Extending the Telephoto Reach of your Sony A6000 / A6300 / A6500

As noted previously in this blog, for my birding photography I use a Canon Sx-60 super zoom / bridge camera, but for my landscape and night photography I shoot with a Sony mirrorless camera, now the A6000 (previously a NEX-5t). This choice suits me well as the bridge camera gives me lots of zoom for a modest price in a package that allows one to easily hike into the back country. I picked Sony micro 4/3 mirrorless cameras for my night photography because Sony is known as the top sensor manufacturer leading to optimized cameras for low light picture taking (Sony makes sensors for a HUGE number of other manufacturers). The mirrorless system is also a good choice due to performance, size and it will not break the bank.

Now the point of this post. For some time I have thought it would be nice if I could extend the reach of my Sony A6000 telephoto lens. The longest “e mount” lens is a manual zoom 55 to 210 mm (82 mm to 315 mm equivalent). Having a longer lens would be nice for night time moon photography, some occasional bird photographs in low light (bridge cameras due to their very small sensors are limited in low light photography). However, my research into telephoto options yielded no results … only cheap lenses that would be 100% manual. While I am not opposed to manual lenses, birds tend to move quickly and therefore I wanted to be able to still utilize autofocus and all the other native capabilities built into my camera.
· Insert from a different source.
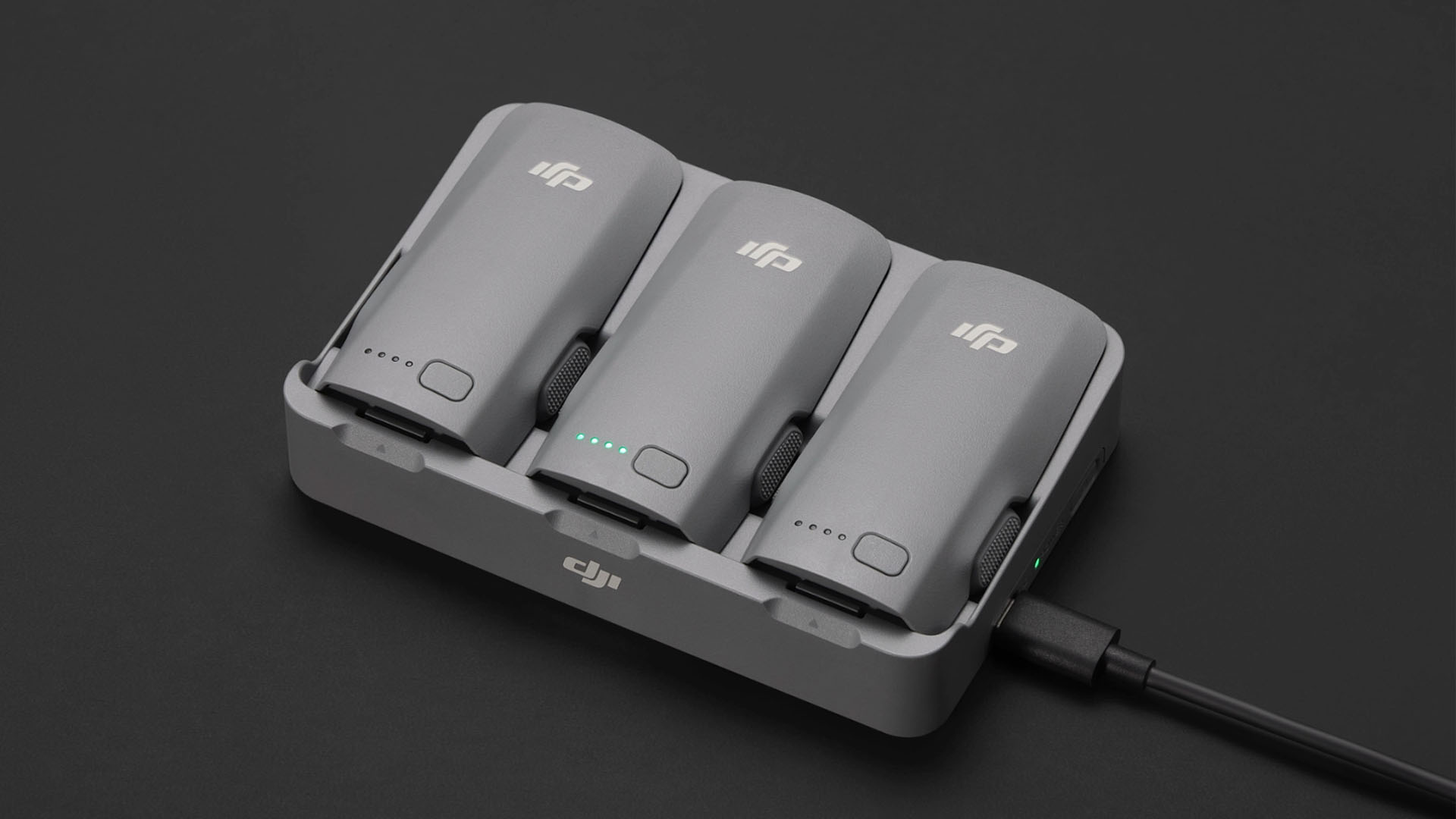 Ele pode armazenar e carregar baterias. Quando usado com o carregador portátil DJI de 65 W, pode carregar completamente três baterias de voo inteligentes simultaneamente* em apenas 68 minutos**.

After hours of research via Google, I stumbled upon the Olympus Teleconverter TCON-17X. If this system worked, I would now be able to attach the teleconverter onto the end of my Sony 55-210 mm zoom lens and create a a 35 mm equivalent of a 535 mm lens given my micro 4/3 sensor. I also needed to purchase a seven dollar step-up ring from 49 to 55 mm (an adapter that will allow you to mount the Olympus teleconvertor on the Sony lens). Here is the YouTube video of this combination which convinced me to make the purchase.

As they say … the proof is in the pudding. Here are two photographs of a Pileated Woodpecker taken two days ago after a snow storm in some very low light (i.e. thick clouds). The images are straight out of the camera with no lighting / shading adjustments, etc.  I was approximately 30 yards away from the woodpecker, and the bird was about 40 feet up in the tree. The final two photographs of this woodpecker are two images on which I took some time, and processed with minor lighting adjustments.

Amity Creek Pileated Woodpecker without teleconveter

  • 210 mm zoom (315 mm equivalent for a 35 mm system)
  • A6.3, 1/400th of a second, ISO 640

Amity Creek Pileated Woodpecker with 1.7 OlympusTteleconveter

  • 315 mm zoom (535 mm equivalent for a 35 mm system)
  • A6.3, 1/400th of a second, ISO 800

Amity Creek Pileated Woodpecker with 1.7 OlympusTteleconveter

  • These two photos were NOT part of my test. They are from a slightly different location, and have been processed for minor lighting / shading adjustments. Finally, some cropping of the photos was performed.